"Curt Davis" was also a pseudonym used by Jack Kirby.
Curtis Benton Davis (September 7, 1903 – October 12, 1965) was a Major League Baseball pitcher. On October 2, 1933 he was drafted by the Philadelphia Phillies from the Pacific Coast League San Francisco Seals in the 1933 rule V draft. He played for the Phillies (1934–36), Chicago Cubs (1935–37), St. Louis Cardinals (1938–40), and Brooklyn Dodgers (1940–46). The right-hander was a native of Greenfield, Missouri.
Even though Davis didn't pitch in the major leagues until he was 30, he still managed to have a 13-season National League career. He had quite a list of accomplishments, including winning 19 games as a rookie, 22 wins in 1939, eleven double-digit victory seasons, twice a N.L. All-Star, and pitching in the 1941 World Series. He had incredible control, leading the league in BB/9IP in 1938 and 1941, and finishing in the TOP TEN in that category ten times.
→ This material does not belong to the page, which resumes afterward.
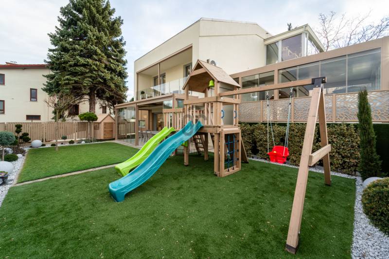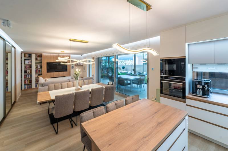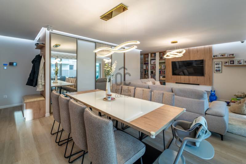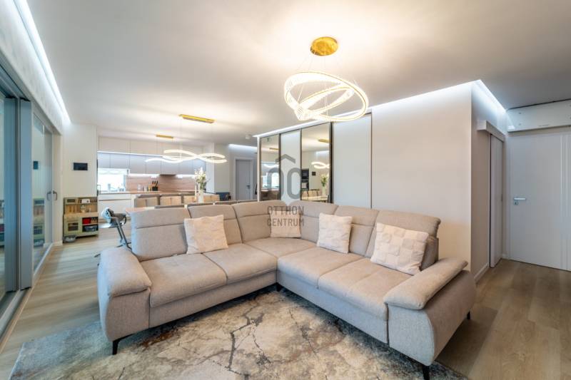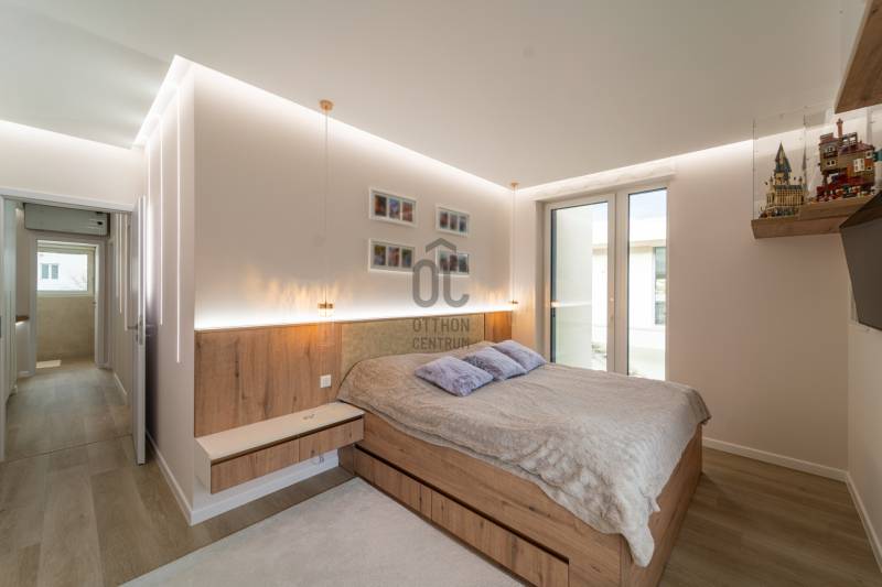 A III. kerület egyik legkedveltebb, legnaposabb részén, Testvérhegy erdősávos utcájában kínálunk megvételre egy újszerű, prémium kategóriás ingatlant, amely minden részletében a luxus és a kompromisszummentes minőség megtestesítője.Páratlan elhelyezkedésAz ingatlan Testvérhegy legnaposabb utcájában helyezkedik el, csodálatos zöld környezetben, mégis kiváló közlekedéssel:Autóval az Árpád híd mindössze 10 percA British International School Budapest és az Alternatív Közgazdasági Gimnázium 8 percen belül elérhetőMinden fontos szolgáltatás néhány percen belül megtalálhatóAz otthon, amely túlmutat az átlagonA kétszintes ingatlan ideális elosztású:3 hálószobaTágas, amerikai konyhás nappali-étkező, amely tökéletes helyszíne baráti és családi összejöveteleknek2 fürdőszoba1 külön wc-kézmosóHáztartási helyiségGardróbA gondosan megtervezett belső terekben a legújabb prémium burkolatok, egyedi megoldások és egy többkörös designfolyamat során összeállított, mestermunka minőségű bútorzat kapott helyet. A kortárs belsőépítészet egyik kiemelkedő példája – nemcsak látványában, hanem funkcionalitásában is kifogástalan.Már az előtérből a nappaliba lépve érezhető: ez nem egy átlagos ingatlan.Panoráma és exkluzív kültéri élményA kertkapcsolatos, tágas teraszokról fantasztikus városi panoráma tárul elénk.A teraszokon akklimatikus pergolák és elhúzható üvegfalak biztosítják az egész éves kényelmet, a 9 személyes Wellis jacuzzi pedig a luxus életérzés elengedhetetlen része.Modern műszaki tartalomOkosotthon rendszerHőszivattyús fűtési rendszerMennyezeti hűtés-fűtésGarázs + egy felszíni beállóPÉLDÁTLAN MINŐSÉG – KOMPROMISSZUMOK NÉLKÜLAz egyedi tervezésű bútorokat és a gépesítést a vételár tartalmazzaEz az ingatlan azoknak szól, akik már nem szeretnének többet költözni, és a tökéletes, kompromisszummentes otthont keresik hosszú távra.Minden részletében a luxus élményét nyújtja – a prémium kategória esszenciája.Jöjjön el, nézze meg személyesen – garantáltan nem fog csalódni! |

Other top ten rankings for Davis include wins (4 times), winning percentage (4 times), ERA (4 times), H/9IP (3 times), WHIP (5 times), shutouts (5 times), saves (5 times), games finished (1 time), and oldest player (5 times).
Career totals for 429 games pitched include a 158–131 record, 281 games started, 141 complete games, 24 shutouts, 111 games finished, 33 saves, and an ERA of 3.42 in 2325 innings pitched.
After pitching one game in the 1946 season (April 28), he was released by Brooklyn three days later.
Davis died at the age of 62 in Covina, California.